- Official name: Puwa Khola-1 Hydropower Project
- Country: Nepal
- Location: Ilam District
- Coordinates: 26°55′02″N 87°55′00″E﻿ / ﻿26.91722°N 87.91667°E
- Purpose: Power
- Status: Operational
- Owner: Puwa Khola - 1 Hydropower Pvt. Ltd

Dam and spillways
- Type of dam: Gravity
- Impounds: Puwa River

Power Station
- Commission date: 2074-06-23 BS
- Type: Run-of-the-river
- Installed capacity: 4 MW

= Puwa Khola-1 Hydropower Station =

Puwa Khola-1 Hydropower Station (Nepali: पुवा खोला जलविद्युत आयोजना) is a run-of-river hydro-electric plant located in Ilam District of Nepal. The flow from Puwa River, a tributary of Mai River is used to generate 4 MW electricity.

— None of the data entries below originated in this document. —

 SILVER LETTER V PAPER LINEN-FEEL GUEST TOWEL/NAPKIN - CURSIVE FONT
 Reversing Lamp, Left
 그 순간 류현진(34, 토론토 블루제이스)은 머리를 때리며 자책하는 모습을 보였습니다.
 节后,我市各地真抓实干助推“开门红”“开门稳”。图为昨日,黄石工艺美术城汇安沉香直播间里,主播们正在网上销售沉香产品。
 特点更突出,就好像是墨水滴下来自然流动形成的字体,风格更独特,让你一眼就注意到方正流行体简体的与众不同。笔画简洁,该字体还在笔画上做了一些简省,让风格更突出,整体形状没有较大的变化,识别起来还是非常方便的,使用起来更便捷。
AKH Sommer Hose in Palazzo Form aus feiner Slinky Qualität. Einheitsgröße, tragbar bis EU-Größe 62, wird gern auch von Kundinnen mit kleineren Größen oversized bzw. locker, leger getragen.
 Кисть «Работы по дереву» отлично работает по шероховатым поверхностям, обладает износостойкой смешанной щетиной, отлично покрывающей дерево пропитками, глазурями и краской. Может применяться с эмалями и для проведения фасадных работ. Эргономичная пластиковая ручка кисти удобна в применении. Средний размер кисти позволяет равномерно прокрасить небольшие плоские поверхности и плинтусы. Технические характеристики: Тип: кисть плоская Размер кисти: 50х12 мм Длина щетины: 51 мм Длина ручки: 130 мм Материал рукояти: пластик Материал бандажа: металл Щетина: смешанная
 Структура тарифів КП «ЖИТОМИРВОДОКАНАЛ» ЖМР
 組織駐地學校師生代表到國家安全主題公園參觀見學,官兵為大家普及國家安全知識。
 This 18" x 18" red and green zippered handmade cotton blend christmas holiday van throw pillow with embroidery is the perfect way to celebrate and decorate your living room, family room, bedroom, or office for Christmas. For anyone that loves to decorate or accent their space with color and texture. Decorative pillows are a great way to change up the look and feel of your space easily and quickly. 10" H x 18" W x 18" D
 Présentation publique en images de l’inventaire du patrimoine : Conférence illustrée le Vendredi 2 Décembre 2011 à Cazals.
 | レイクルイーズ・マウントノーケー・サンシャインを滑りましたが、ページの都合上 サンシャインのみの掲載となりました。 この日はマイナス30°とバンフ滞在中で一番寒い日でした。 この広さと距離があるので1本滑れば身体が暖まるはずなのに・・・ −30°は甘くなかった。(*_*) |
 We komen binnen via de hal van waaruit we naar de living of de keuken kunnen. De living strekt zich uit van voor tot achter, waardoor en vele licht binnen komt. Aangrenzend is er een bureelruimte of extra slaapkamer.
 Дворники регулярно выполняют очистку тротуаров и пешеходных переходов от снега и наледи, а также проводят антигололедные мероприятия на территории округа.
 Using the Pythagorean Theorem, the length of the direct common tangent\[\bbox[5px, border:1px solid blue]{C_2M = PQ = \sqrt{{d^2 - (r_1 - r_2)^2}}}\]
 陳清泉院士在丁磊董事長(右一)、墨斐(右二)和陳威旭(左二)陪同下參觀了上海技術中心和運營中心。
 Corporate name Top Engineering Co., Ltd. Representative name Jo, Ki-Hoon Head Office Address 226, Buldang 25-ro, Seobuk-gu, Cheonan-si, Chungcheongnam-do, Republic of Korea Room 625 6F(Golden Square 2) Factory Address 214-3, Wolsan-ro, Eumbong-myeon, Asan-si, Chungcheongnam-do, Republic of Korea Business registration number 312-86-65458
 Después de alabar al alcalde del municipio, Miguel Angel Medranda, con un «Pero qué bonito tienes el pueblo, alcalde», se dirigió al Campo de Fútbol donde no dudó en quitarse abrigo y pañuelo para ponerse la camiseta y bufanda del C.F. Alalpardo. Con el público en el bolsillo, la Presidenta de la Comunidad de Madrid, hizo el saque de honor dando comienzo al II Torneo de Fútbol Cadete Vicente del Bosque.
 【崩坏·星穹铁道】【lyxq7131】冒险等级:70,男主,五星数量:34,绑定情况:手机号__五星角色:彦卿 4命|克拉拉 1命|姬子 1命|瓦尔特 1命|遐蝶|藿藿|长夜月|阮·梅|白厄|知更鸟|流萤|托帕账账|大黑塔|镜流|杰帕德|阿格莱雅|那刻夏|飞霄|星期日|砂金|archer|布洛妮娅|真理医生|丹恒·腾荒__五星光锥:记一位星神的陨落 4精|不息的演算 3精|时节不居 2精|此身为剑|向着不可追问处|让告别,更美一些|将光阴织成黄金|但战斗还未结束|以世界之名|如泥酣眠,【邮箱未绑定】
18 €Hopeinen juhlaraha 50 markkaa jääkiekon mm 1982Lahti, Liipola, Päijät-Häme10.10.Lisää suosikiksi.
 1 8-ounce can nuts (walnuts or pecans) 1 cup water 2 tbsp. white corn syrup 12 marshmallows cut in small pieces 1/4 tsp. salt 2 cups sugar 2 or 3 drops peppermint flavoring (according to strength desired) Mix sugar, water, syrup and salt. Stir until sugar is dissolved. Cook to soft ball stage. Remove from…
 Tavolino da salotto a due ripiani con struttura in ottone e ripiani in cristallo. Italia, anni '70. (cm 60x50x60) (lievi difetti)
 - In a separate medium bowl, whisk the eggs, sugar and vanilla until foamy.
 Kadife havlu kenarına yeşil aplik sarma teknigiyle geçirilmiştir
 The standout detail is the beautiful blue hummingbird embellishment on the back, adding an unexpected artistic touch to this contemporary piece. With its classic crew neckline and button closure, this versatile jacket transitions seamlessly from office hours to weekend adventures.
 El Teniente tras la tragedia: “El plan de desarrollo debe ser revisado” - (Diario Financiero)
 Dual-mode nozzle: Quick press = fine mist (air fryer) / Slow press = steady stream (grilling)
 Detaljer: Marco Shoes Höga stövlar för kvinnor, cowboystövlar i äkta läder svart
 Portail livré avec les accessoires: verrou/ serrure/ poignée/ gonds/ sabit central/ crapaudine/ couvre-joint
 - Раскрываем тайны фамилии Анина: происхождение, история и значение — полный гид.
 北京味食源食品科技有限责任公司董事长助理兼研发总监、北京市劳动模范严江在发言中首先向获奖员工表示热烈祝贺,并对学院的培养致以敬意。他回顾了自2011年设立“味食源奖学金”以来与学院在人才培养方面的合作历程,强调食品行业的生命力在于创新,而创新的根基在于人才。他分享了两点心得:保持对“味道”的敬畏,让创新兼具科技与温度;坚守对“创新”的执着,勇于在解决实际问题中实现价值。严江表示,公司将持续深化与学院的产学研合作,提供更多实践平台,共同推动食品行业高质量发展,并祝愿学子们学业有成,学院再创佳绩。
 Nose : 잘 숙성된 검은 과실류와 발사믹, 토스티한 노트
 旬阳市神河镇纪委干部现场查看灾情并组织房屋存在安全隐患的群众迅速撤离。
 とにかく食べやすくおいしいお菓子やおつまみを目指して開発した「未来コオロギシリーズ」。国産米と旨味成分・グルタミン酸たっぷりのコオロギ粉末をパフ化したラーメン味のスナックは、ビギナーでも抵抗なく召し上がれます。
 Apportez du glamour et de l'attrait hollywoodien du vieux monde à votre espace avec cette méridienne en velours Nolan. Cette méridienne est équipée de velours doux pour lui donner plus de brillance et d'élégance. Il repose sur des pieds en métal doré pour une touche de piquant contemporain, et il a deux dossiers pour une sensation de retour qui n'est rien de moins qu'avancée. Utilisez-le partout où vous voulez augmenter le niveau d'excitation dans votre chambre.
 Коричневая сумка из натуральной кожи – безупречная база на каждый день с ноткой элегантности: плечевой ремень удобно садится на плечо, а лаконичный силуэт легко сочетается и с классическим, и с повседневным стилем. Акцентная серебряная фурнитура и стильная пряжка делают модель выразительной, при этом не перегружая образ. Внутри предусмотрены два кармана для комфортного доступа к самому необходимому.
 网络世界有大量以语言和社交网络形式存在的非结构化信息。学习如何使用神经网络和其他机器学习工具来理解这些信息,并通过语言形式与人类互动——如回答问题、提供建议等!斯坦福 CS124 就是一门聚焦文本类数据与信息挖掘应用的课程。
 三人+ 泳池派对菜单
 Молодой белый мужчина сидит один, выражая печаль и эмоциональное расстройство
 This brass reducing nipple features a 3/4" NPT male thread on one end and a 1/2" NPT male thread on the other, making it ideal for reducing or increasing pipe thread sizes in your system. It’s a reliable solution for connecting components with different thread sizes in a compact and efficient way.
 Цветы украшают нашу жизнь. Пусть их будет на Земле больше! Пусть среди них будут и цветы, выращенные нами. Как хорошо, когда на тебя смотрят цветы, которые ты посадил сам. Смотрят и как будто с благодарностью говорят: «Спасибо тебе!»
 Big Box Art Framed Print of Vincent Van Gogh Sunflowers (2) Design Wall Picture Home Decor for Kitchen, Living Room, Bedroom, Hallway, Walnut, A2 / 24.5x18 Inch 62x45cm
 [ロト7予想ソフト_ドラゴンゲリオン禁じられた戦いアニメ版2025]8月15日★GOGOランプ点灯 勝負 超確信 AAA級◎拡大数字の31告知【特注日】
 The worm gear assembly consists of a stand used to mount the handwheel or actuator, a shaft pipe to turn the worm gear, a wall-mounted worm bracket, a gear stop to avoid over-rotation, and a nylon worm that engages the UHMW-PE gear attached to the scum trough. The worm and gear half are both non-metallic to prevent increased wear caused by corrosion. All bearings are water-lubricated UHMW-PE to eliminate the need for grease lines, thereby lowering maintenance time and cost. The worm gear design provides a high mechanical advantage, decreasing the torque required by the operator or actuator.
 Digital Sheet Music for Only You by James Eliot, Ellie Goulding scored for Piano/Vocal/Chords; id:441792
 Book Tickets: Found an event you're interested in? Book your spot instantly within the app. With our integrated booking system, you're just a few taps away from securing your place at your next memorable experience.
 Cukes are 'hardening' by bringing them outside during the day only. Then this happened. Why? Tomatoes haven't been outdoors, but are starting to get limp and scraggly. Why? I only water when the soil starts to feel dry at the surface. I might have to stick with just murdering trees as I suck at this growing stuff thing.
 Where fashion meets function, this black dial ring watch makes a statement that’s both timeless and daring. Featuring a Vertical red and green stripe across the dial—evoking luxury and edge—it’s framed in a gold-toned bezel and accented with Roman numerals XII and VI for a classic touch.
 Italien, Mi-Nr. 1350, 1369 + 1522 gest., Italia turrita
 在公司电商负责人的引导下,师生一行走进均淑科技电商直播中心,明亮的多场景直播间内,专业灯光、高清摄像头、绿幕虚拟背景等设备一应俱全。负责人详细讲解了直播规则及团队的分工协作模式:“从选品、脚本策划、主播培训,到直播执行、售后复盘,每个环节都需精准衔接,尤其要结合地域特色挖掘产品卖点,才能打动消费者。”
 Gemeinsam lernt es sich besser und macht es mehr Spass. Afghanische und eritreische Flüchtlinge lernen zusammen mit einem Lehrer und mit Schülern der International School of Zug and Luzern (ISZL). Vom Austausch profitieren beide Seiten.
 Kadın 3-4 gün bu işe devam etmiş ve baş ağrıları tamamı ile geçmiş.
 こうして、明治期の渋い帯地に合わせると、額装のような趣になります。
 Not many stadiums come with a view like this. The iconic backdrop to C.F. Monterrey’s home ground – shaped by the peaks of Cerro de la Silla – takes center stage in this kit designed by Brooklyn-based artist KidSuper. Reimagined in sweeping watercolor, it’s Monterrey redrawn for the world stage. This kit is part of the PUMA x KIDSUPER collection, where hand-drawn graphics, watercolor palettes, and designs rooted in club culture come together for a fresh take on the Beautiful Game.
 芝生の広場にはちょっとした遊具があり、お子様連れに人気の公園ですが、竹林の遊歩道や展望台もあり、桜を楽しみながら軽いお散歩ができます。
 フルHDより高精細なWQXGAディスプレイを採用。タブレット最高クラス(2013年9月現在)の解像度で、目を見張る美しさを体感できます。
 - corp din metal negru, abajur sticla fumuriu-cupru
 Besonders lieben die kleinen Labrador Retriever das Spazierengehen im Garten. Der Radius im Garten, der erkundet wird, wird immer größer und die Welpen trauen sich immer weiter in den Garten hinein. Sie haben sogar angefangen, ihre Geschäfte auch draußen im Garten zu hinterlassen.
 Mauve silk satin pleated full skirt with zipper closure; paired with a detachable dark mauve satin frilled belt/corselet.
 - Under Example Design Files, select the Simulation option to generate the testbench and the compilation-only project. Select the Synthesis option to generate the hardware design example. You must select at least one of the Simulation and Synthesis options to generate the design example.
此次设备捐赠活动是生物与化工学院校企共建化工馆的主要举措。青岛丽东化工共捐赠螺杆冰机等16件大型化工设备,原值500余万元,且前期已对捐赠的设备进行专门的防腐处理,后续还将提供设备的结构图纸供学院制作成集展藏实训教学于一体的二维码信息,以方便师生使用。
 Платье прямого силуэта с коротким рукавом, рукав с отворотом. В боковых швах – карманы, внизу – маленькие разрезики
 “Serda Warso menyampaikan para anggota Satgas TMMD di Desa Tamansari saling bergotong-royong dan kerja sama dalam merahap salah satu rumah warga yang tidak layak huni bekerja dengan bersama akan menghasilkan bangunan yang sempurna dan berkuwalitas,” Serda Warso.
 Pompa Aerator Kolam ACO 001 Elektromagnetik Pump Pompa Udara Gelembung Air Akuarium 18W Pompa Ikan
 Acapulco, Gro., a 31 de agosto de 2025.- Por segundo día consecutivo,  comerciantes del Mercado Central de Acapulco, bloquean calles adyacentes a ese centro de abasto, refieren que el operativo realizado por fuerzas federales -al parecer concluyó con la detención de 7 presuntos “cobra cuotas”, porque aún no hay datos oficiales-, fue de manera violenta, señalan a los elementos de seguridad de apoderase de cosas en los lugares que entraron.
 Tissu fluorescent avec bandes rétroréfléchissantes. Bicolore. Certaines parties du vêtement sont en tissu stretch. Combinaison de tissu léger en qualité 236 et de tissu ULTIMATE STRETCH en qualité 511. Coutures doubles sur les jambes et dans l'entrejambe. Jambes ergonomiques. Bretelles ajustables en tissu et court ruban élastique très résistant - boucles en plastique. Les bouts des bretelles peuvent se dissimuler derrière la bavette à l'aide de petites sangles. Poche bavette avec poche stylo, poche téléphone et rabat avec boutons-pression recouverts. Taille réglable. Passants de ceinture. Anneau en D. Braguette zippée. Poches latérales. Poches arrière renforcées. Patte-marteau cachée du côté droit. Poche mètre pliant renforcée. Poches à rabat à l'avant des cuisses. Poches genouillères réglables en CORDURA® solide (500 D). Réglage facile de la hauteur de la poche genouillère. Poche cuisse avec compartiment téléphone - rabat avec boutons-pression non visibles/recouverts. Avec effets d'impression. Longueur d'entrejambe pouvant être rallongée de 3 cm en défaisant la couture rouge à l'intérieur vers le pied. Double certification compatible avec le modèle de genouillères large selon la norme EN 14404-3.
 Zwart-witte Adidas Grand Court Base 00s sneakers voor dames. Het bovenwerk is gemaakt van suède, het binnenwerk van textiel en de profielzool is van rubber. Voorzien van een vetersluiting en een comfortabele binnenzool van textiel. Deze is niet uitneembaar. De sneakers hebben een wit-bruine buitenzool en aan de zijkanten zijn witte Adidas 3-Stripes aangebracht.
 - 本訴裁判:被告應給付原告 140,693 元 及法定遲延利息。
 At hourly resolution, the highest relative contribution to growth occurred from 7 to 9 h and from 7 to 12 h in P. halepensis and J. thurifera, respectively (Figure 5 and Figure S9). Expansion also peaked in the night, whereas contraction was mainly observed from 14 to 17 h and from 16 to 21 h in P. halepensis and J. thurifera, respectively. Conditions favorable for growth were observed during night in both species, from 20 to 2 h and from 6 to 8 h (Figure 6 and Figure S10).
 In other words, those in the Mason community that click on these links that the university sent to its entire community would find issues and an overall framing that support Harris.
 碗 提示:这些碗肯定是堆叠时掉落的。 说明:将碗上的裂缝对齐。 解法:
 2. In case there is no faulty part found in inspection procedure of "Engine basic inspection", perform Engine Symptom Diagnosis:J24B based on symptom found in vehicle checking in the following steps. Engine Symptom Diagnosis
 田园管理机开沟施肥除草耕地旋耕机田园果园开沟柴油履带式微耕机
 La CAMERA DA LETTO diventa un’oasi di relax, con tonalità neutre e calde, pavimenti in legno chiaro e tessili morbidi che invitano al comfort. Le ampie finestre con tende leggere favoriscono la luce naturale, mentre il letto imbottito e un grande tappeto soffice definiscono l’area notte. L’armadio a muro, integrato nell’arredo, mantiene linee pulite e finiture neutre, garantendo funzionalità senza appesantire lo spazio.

The plant is owned and developed by Puwa Khola - 1 Hydropower Pvt. Ltd, an IPP of Nepal. The plant started generating electricity from 2074-06-23BS. The generation licence will expire in 2105-06-20 BS, after which the plant will be handed over to the government. The power station is connected to the national grid and the electricity is sold to Nepal Electricity Authority.